#Poetry Friday: Longfellow “Gets” February

February 27, 2015 — Leave a comment

One of my favorite things to do when I taught a poetry unit was to select a poem I had not ‘prepared” to teach and then ask students to give me their impressions. A selection like this always brought interesting discussions because there was no prescribed agenda; we read for meaning together. One of the “go to” poets in such classroom experiments was the American poet Henry Wadsworth Longfellow.

My students were already familiar with his Paul Revere’s Ride. They were also familiar with some of his acquaintances including the authors Nathaniel Hawthorne and Charles Dickens. His verse was always accessible to students in different grade levels; the narrative in his poetry always captured their imaginations.

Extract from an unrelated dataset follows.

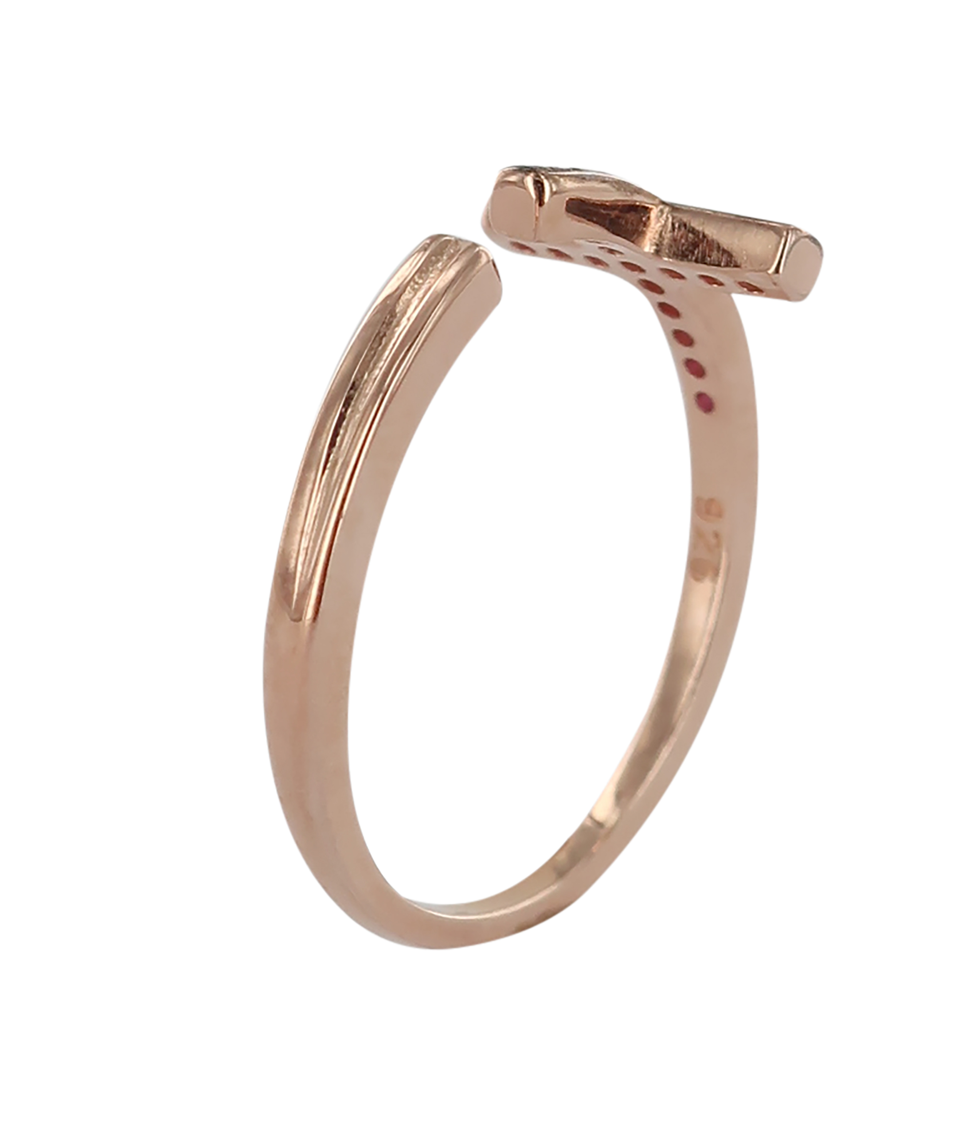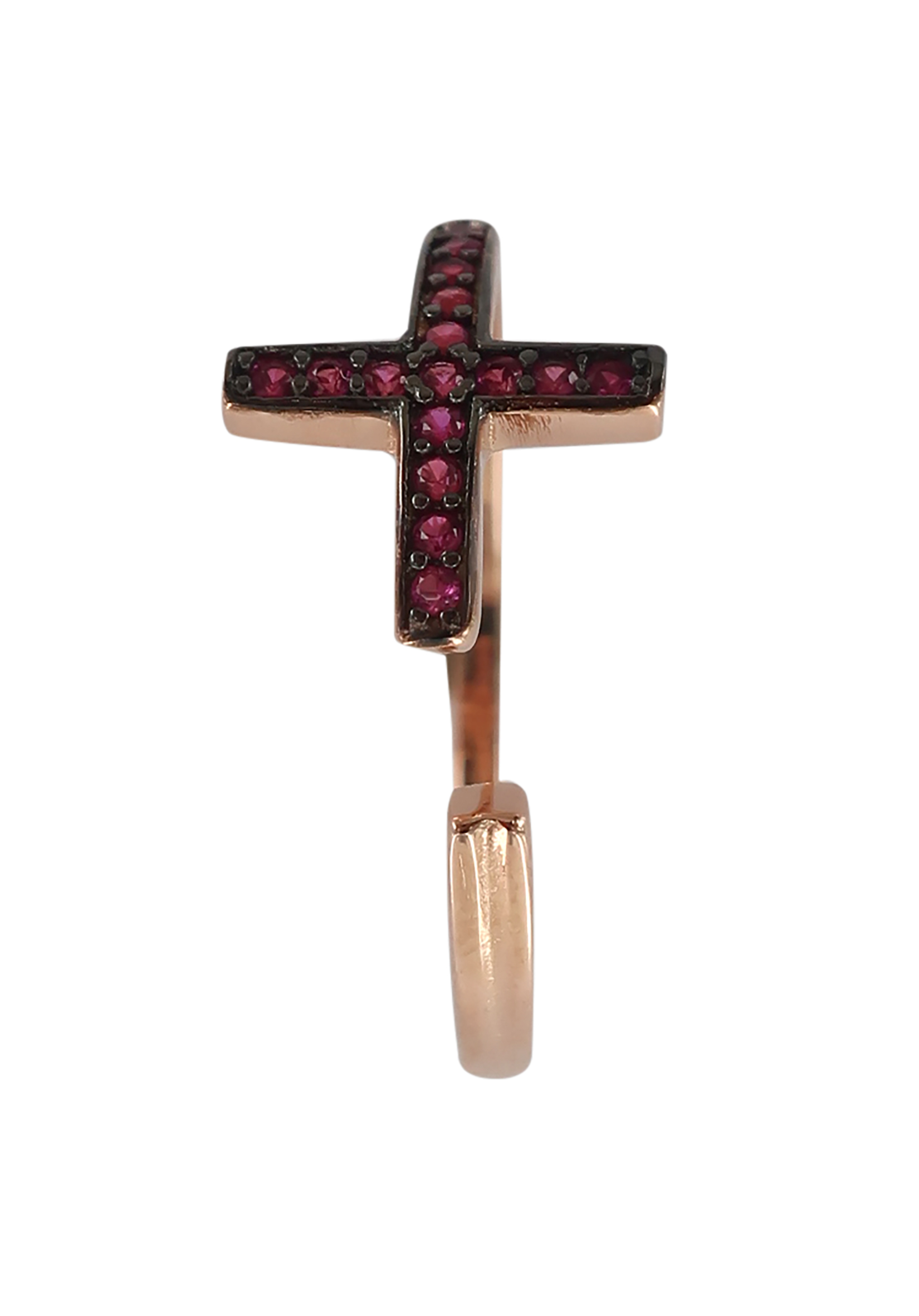 Anello in argento bagnato in oro rosa con croce impreziosita da strass di colore rosso.
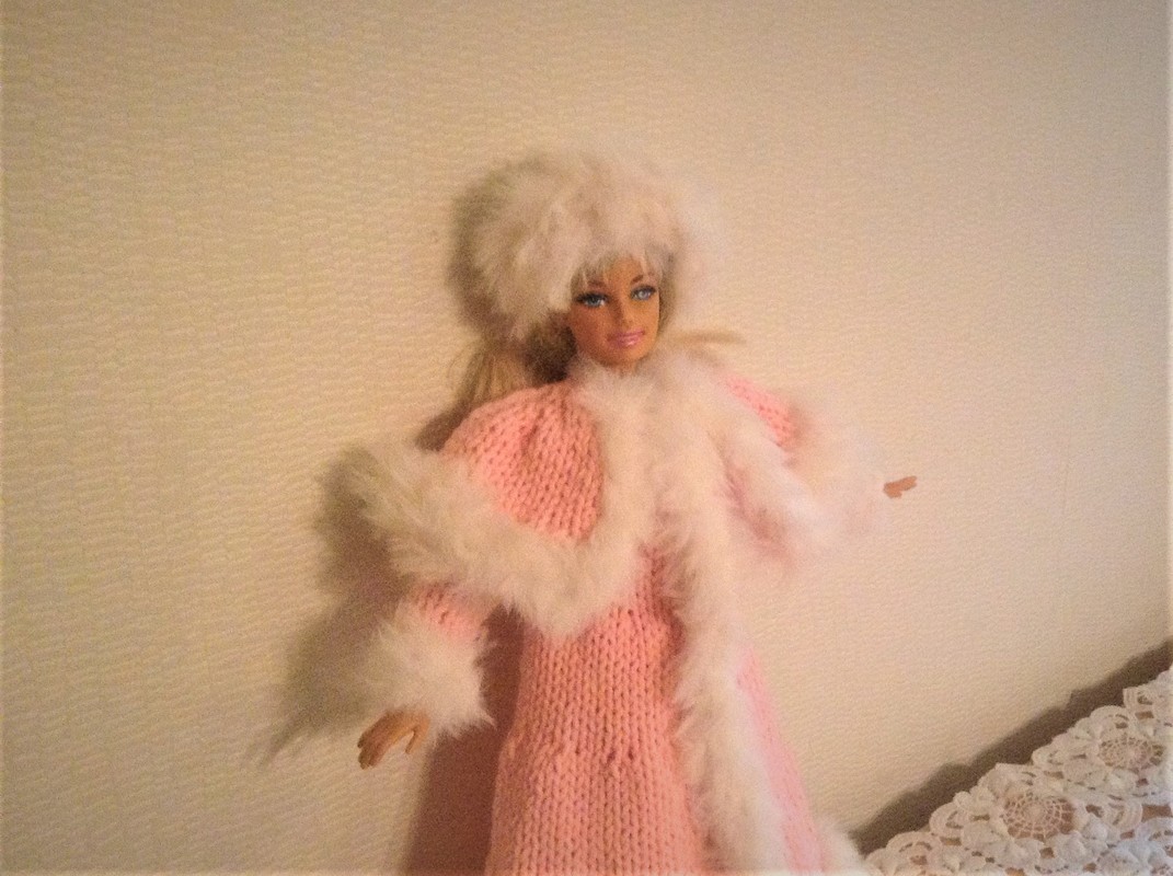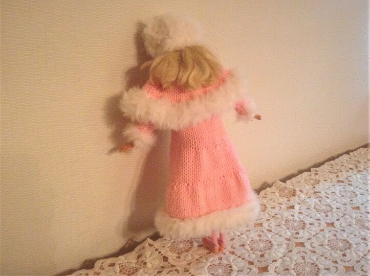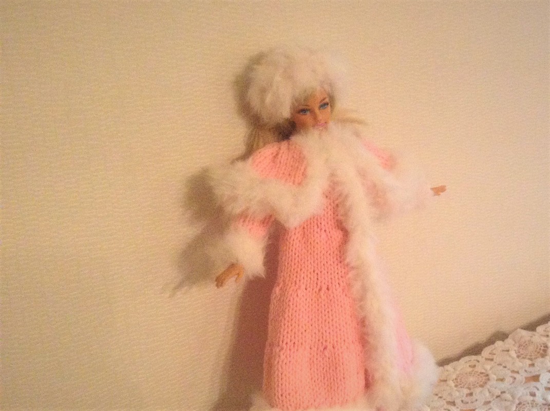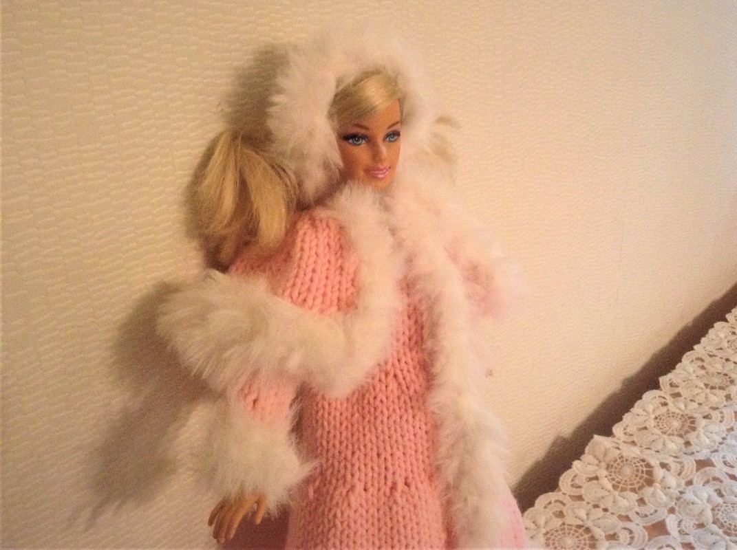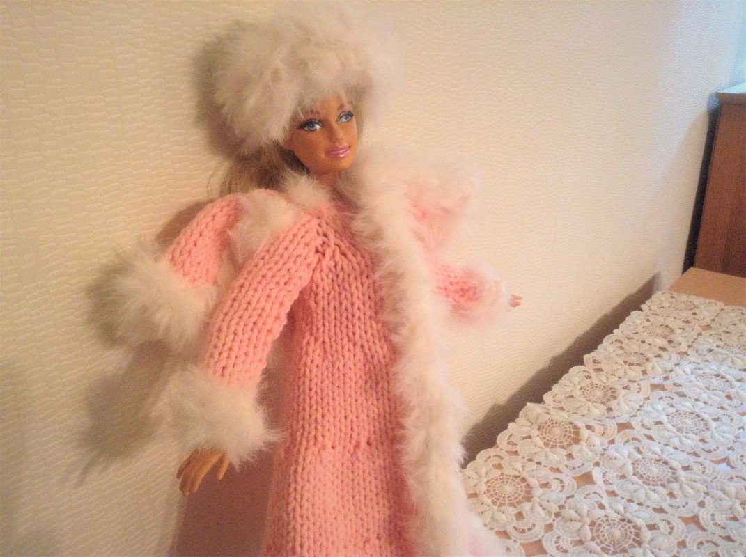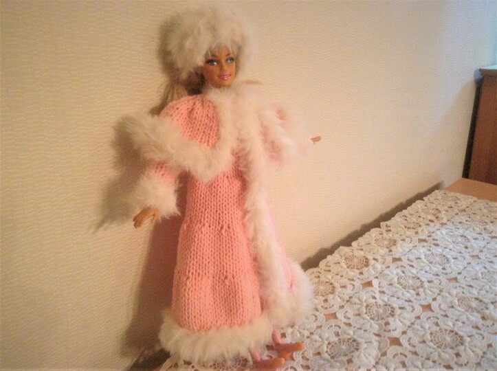 Eine Strickanleitung für einen Wintermantel mit Cape und Pelzkanten (synthetischs Garn) und eine Pelzmütze für Modepuppen von 29cm Größe.

As we approach this last weekend in the coldest February on record, readers can get a glimpse of how Longfellow might have approached his birthday on the 27th with  Afternoon in February:.

The day is ending,fence
The night is descending;
The marsh is frozen,
The river dead.

Through clouds like ashes
The red sun flashes
On village windows
That glimmer red.

 

The snow recommences;
The buried fences
Mark no longer
The road o’er the plain;

While through the meadows,train
Like fearful shadows,
Slowly passes
A funeral train.

The bell is pealing,
And every feeling
Within me responds
To the dismal knell;

Shadows are trailing,
My heart is bewailing
And tolling within
Like a funeral bell.

In six short stanzas, this New England poet accurately captures the bleak experience of this winter month. Looking back, I am reminded how well my students understood that this Longfellow’s poem makes a solid case for February’s brevity!